→ Aim of the exercise
After locating the line with "This paper presents" below, output it and each following line exactly, stopping after the line with "- Thoughtful Favors: Mini". No pictures.

→ Input for this task
--------------------

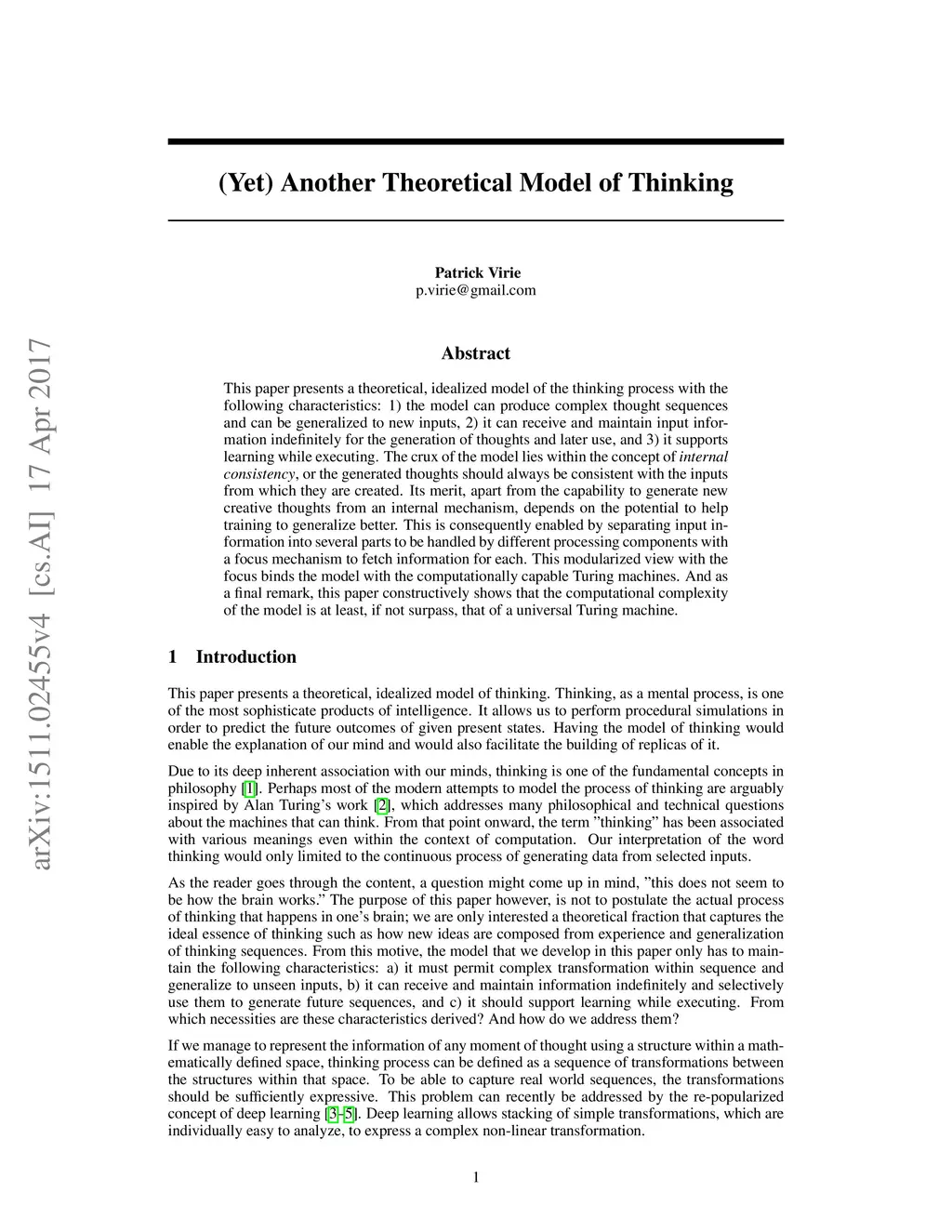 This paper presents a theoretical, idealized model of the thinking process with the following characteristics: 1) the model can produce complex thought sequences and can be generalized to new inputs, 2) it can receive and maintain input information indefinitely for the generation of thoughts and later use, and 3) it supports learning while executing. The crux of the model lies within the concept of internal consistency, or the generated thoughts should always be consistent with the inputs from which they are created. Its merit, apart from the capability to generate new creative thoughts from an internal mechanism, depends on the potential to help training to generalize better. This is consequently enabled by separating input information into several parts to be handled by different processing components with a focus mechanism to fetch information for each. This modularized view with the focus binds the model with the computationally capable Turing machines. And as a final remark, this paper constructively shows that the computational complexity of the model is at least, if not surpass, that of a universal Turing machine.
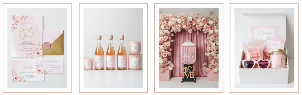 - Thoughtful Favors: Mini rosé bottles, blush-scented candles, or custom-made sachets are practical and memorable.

--------------------

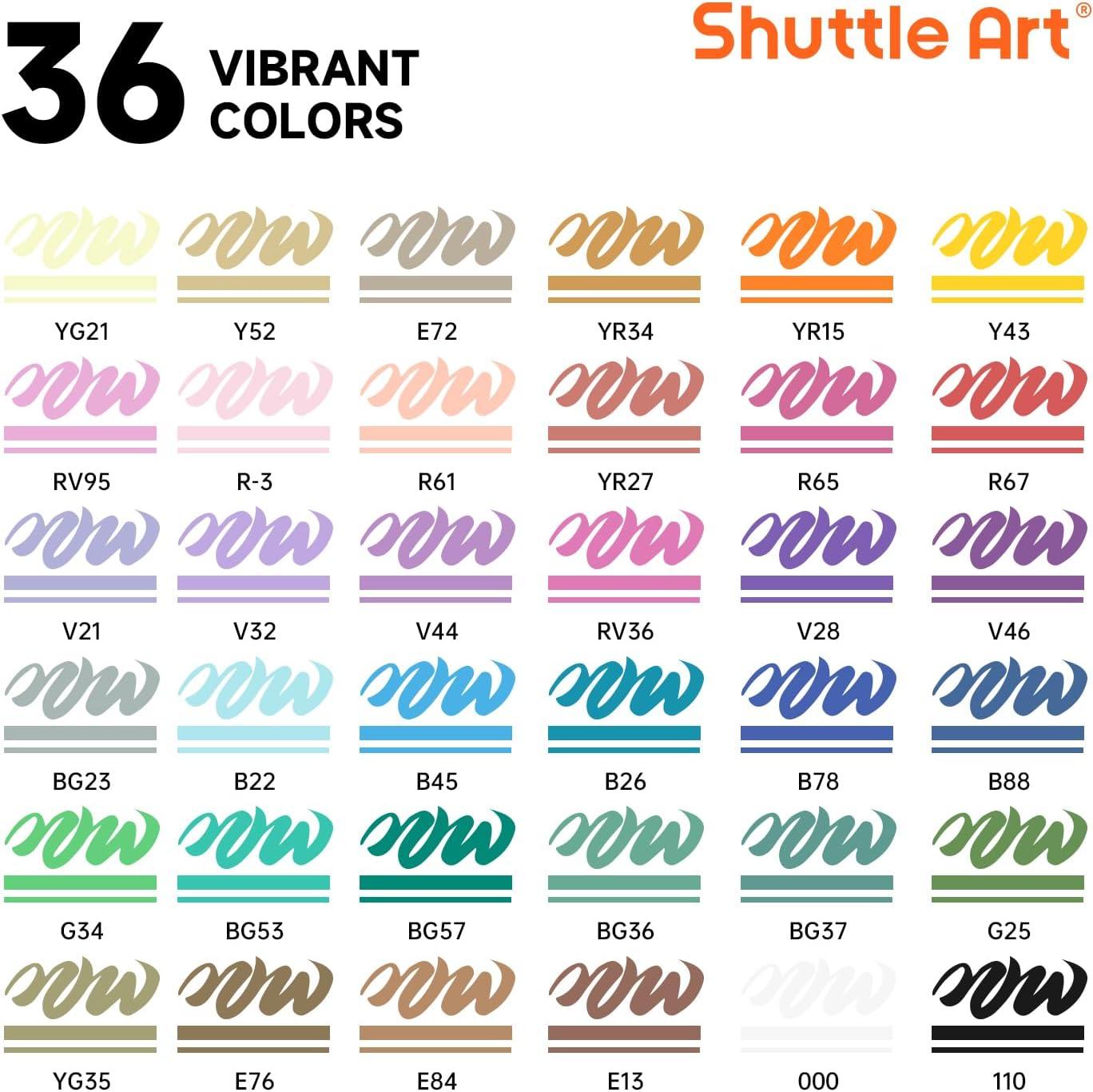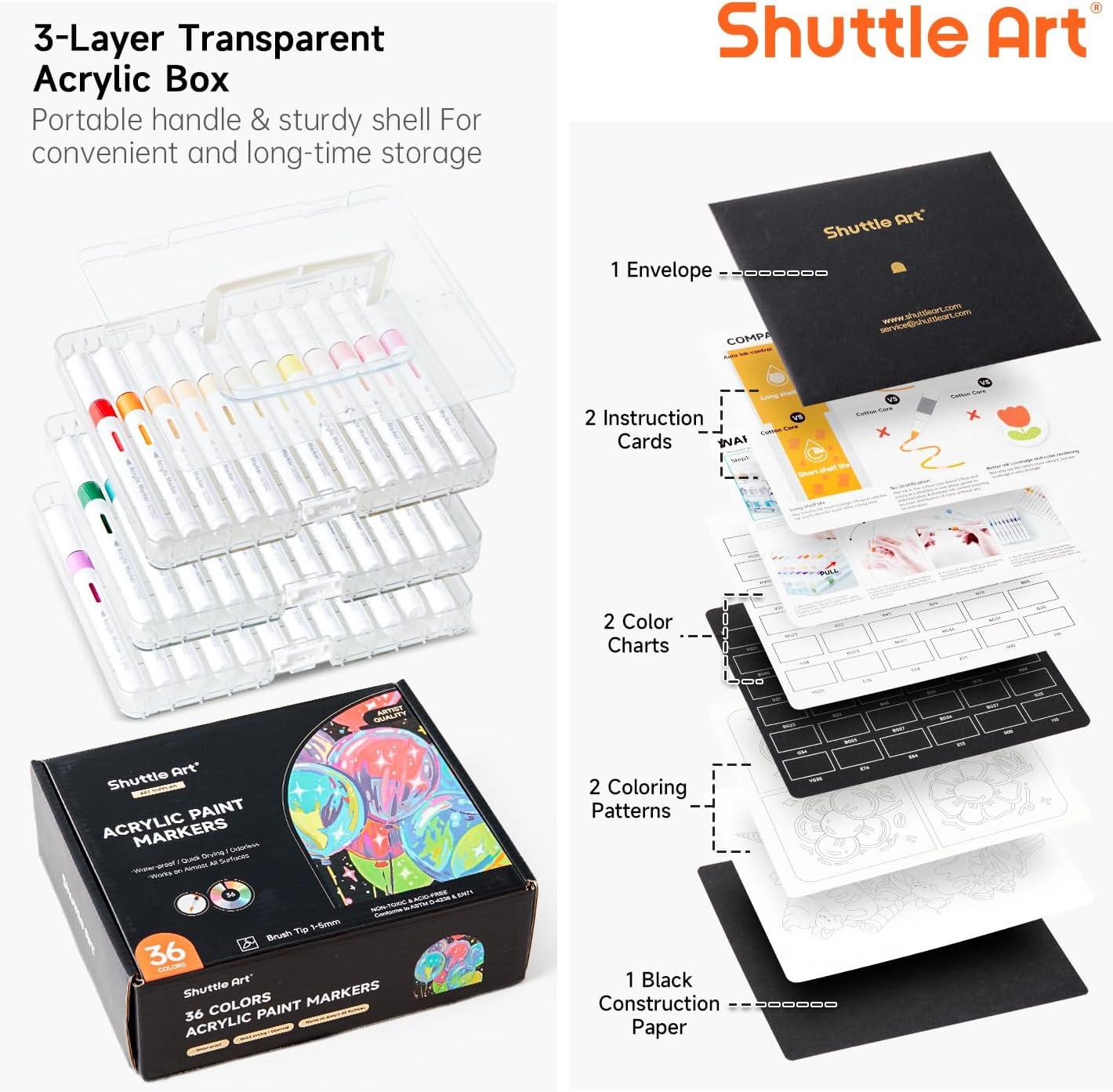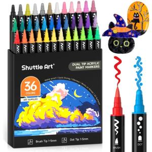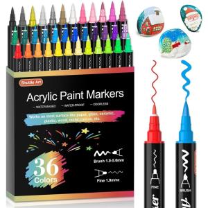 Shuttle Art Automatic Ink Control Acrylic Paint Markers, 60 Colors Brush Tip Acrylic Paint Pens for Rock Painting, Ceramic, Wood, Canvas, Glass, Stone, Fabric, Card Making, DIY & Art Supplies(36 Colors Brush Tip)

--------------------

→ Exercise answer
 This paper presents a theoretical, idealized model of the thinking process with the following characteristics: 1) the model can produce complex thought sequences and can be generalized to new inputs, 2) it can receive and maintain input information indefinitely for the generation of thoughts and later use, and 3) it supports learning while executing. The crux of the model lies within the concept of internal consistency, or the generated thoughts should always be consistent with the inputs from which they are created. Its merit, apart from the capability to generate new creative thoughts from an internal mechanism, depends on the potential to help training to generalize better. This is consequently enabled by separating input information into several parts to be handled by different processing components with a focus mechanism to fetch information for each. This modularized view with the focus binds the model with the computationally capable Turing machines. And as a final remark, this paper constructively shows that the computational complexity of the model is at least, if not surpass, that of a universal Turing machine.
 - Thoughtful Favors: Mini rosé bottles, blush-scented candles, or custom-made sachets are practical and memorable.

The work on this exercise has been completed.